An immune-sympathetic neuron communication axis guides adipose tissue browning in cancer-associated cachexia

Abstract

Cancer-associated cachexia (CAC) is a hypermetabolic syndrome characterized by unintended weight loss due to the atrophy of adipose tissue and skeletal muscle. A phenotypic switch from white to beige adipocytes, a phenomenon called browning, accelerates CAC by increasing the dissipation of energy as heat.

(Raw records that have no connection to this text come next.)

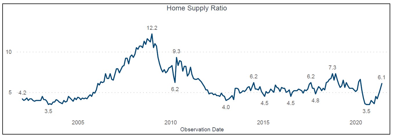 Another often-discussed driver of recent home price appreciation is the current constraint on the supply of homes available for sale in the market. Figure 8 shows the home supply index as provided by the U.S. Census Bureau and U.S. Department of Housing and Urban Development.6 The months of supply ratio is defined as: “the ratio of houses for sale to houses sold. This statistic provides an indication of the for-sale inventory in relation to the number of houses currently being sold. The months’ supply indicates how long the current for-sale inventory would last given the current sales rate if no additional new houses were built.” The months of supply ratio on June 1, 2007, was 8.2; meaning that if no further homes were built, based on the current demand, the supply would last 8.2 months. In June 2021, the supply ratio was just 6.1, and this is an increase from just 3.5 in 2020. Because of the lower supply ratio, we would expect home prices to naturally rise in 2021.
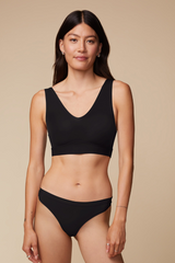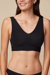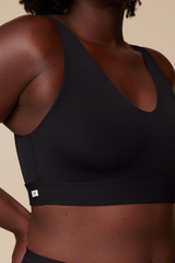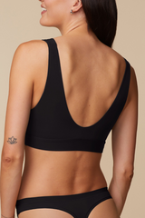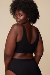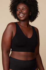 Effortlessly elegant and designed for all day comfort, the Bliss Bralette in Black is your go-to wireless bra for a smooth, seamless look. Crafted with our signature silky-soft microfiber fabric, this everyday bralette features a flattering scoop neckline, lightly molded cups for natural shaping, and a wide supportive under band. The wide-set fully offers a personalised fit while the pullover design makes it easy to wear under anything, from t-shirts to low back dresses. Whether you are lounging at home or layering under workwear, this wireless beige bralette is the perfect blend of functionality and feminine ease.
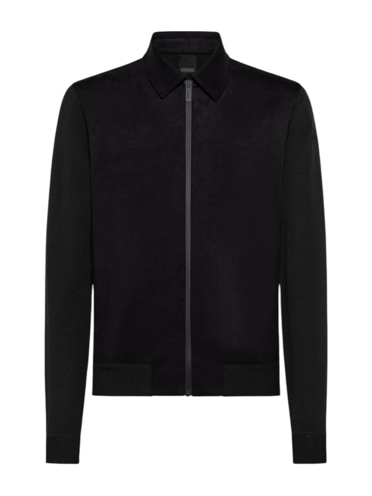 Cardigan uomo RRD, il fronte è realizzato in tessuto tecnico eco suede a effetto nabuk, maniche e dorso in maglina elasticizzata
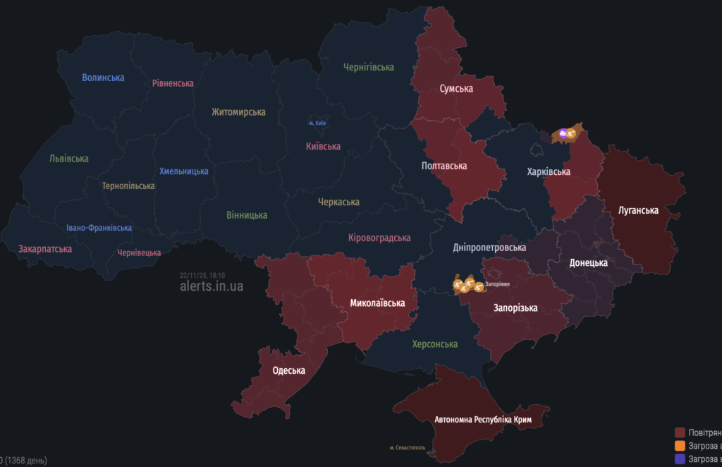 За повідомленнями Повітряних Сил та OSINT-спільнот, відстежуємо причини повітряних тривог в Полтаві та області.
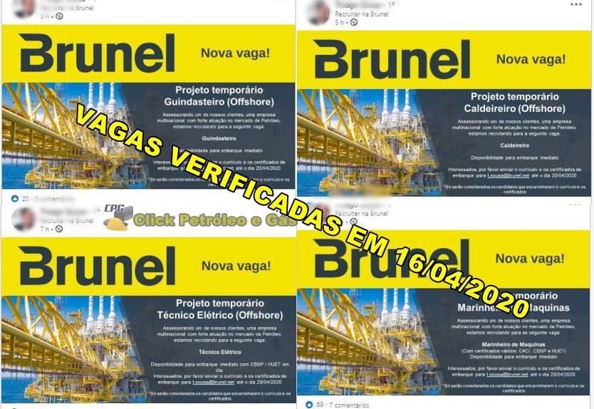 En medio de la pandemia, Brunel Reclutamiento y Selección inicia vacantes para embarque INMEDIATO con registro de currículum hasta el 20 de abril. Las oportunidades abiertas ayer (15) y hoy 16 de abril son para trabajar en una multinacional del petróleo. Soldador, Mecánico, Calderero y Técnico solicitados para vacantes en parada de mantenimiento en minera; inicio el 19 de mayo
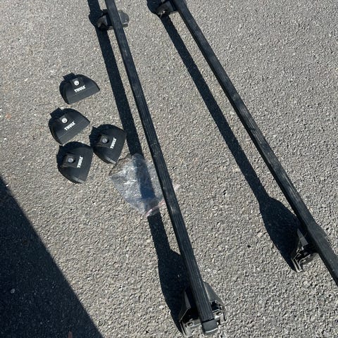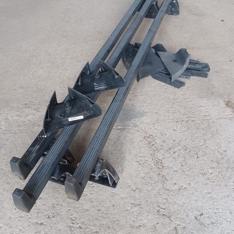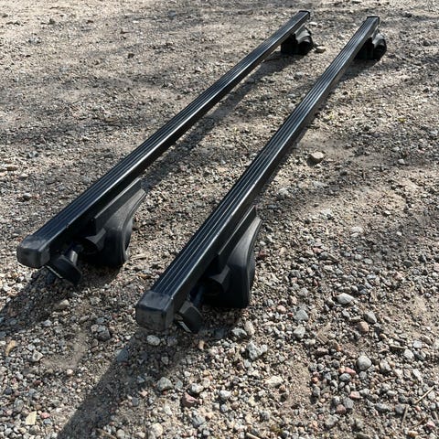 Takräcken i svart färg. Två längsgående räcken med infästningar i ändarna. Passar bil med rätt typ av fästen för denna modell av takräcke. Materialet är troligen metall med plastdetaljer baserat på utseendet på bilderna. Lämpliga för montering av till exempel lastbågar eller takbox, förutsatt kompatibilitet med bilens tak och övriga tillbehör.
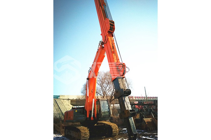 超長四節(jié)臂:總長度可達48米,臂內可再伸出3節(jié),施工深度42.5米,配帶貝殼斗1.8立方或挖掘斗1.0立方。
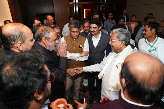 CAPTION: Chief Minister Siddaramaiah attends the launch of the 100th edition of the series “Dil Se with Kapil Sibal” in Delhi. Several leaders met the Chief Minister on the occasion.

Addressing the mechanisms of white adipose tissue (WAT) browning in CAC, we now show that cachexigenic tumors activate type 2 immunity in cachectic WAT, generating a neuroprotective environment that increases peripheral sympathetic activity. Increased sympathetic activation, in turn, results in increased neuronal catecholamine synthesis and secretion, β-adrenergic activation of adipocytes, and induction of WAT browning. Two genetic mouse models validated this progression of events. 1) Interleukin-4 receptor deficiency impeded the alternative activation of macrophages, reduced sympathetic activity, and restrained WAT browning, and 2) reduced catecholamine synthesis in peripheral dopamine β-hydroxylase (DBH)-deficient mice prevented cancer-induced WAT browning and adipose atrophy. Targeting the intraadipose macrophage-sympathetic neuron cross-talk represents a promising therapeutic approach to ameliorate cachexia in cancer patients.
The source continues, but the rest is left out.